Posted May 12, 2013 18:55 UTC (Sun) by rcweir (guest, #48888)
You're better than this, Norbert. If you have a point to make, why don't you try making it, rather than just trying to score cheap points? A word of advice: When you treat your opponent as if he has no intelligence and just go for cheap rhetorical points you also insult the reader. Try to rebut your opponent's strongest arguments, not attack their typographical errors. Otherwise you look petty, and the reader will think that you have no arguments, or ideas, of your own.
Posted May 12, 2013 19:25 UTC (Sun) by shmget (subscriber, #58347)
You did not argue the context, you argued that I was too dumb to grasp the subtlety of the English language.

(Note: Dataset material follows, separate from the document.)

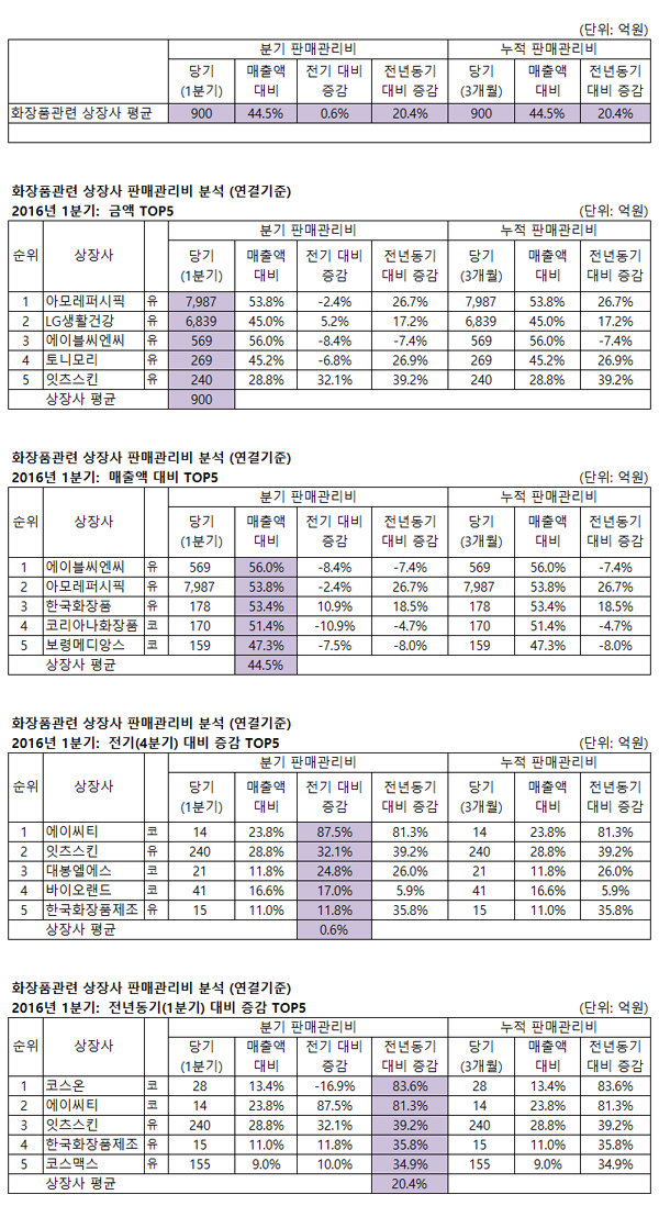 아모레퍼시픽은 53.8%, 한국화장품은 53.4%, 코리아나화장품은 51.4%를 지출하면서 2-4위 모두 전체매출의 50% 이상을 판매관리비로 사용했다. 코리아나화장품의 경우 코스닥 상장사 중 가장 높은 비중을 나타냈고, 이어 코스닥 상장사인 보령메디앙스가 상장사 평균(44.5%)보다 높은 47.3%를 기록했다.

"You're better than this, Norbert."
I appreciate the condescending compliment, Robert, but it is not like we've met or anything...
"When you treat your opponent as if he has no intelligence and just go for cheap rhetorical points you also insult the reader. "
Hear, Hear.... if only you would heed your own advice...
But rest assured, I do not, by any means, think you lack intelligence; I am merely offended by the amount of bull you think you can get away with.